Exercise details: Print out the data exactly, keeping every image out of it.

Data:

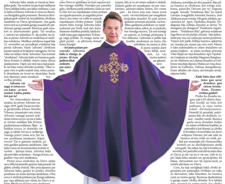 J. Zvirgzdiņam arī personiski Adventa laiks ir zīmīgs, jo pirms diviem gadiem viņu ordinēja par mācītāju Zeltiņu un Lejas draudzē.
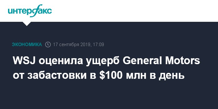 Москва. 17 сентября. INTERFAX.RU - Забастовка рабочих, которые добиваются льгот и повышения зарплат, может стоить автопроизводителю General Motors до $100 млн в день, подсчитали аналитики, опрошенные The Wall Street Journal. Последствия от забастовки для экономики США будут не столь значительными, как в 90-х годах, поскольку численность профсоюзов с тех пор сократилась, отмечает издание.
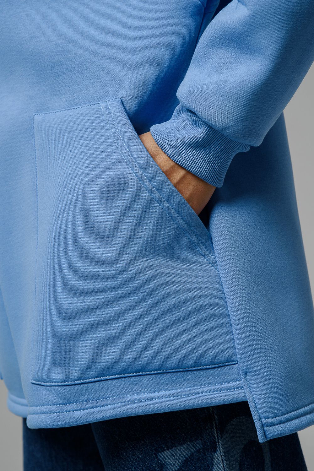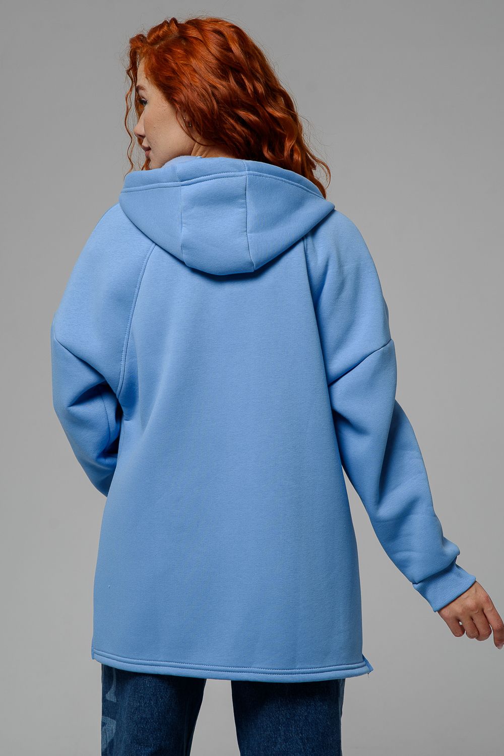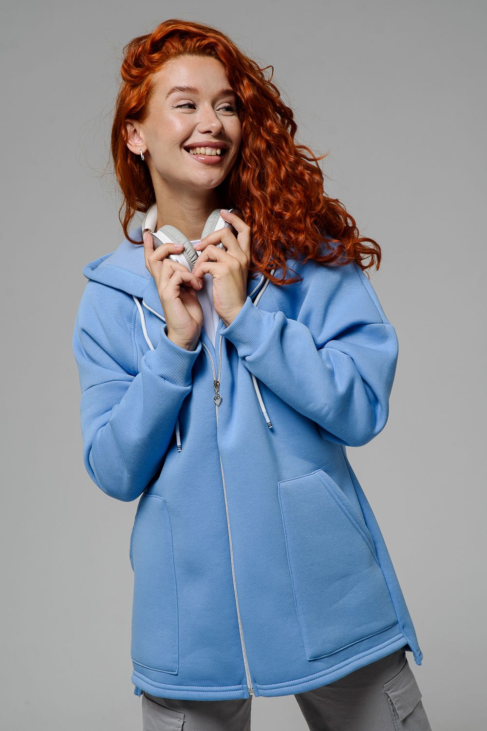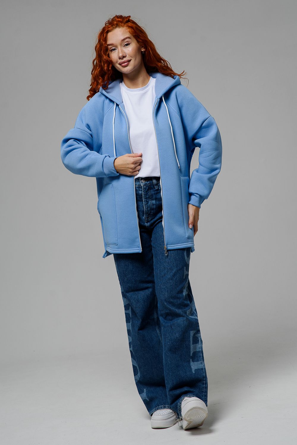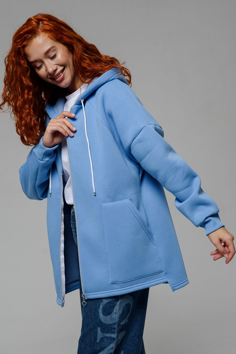 Толстовка утепленная, прямая, свободная, на молнии, с удлиненной спинкой, с капюшоном. Рукав длинный, на эластичном манжете. Полочка и спинка с фигурными кокетками. В нижней части полочки расположены удобные накладные карманы.
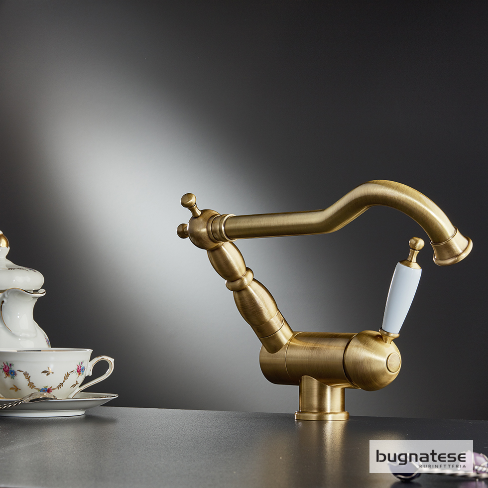 Μπαταρία Νεροχύτη Κουζίνας Σπαστή για χρήση κάτω από παράθυρο Bugnatese Bronze

Written answer:
 J. Zvirgzdiņam arī personiski Adventa laiks ir zīmīgs, jo pirms diviem gadiem viņu ordinēja par mācītāju Zeltiņu un Lejas draudzē.
 Москва. 17 сентября. INTERFAX.RU - Забастовка рабочих, которые добиваются льгот и повышения зарплат, может стоить автопроизводителю General Motors до $100 млн в день, подсчитали аналитики, опрошенные The Wall Street Journal. Последствия от забастовки для экономики США будут не столь значительными, как в 90-х годах, поскольку численность профсоюзов с тех пор сократилась, отмечает издание.
 Толстовка утепленная, прямая, свободная, на молнии, с удлиненной спинкой, с капюшоном. Рукав длинный, на эластичном манжете. Полочка и спинка с фигурными кокетками. В нижней части полочки расположены удобные накладные карманы.
 Μπαταρία Νεροχύτη Κουζίνας Σπαστή για χρήση κάτω από παράθυρο Bugnatese Bronze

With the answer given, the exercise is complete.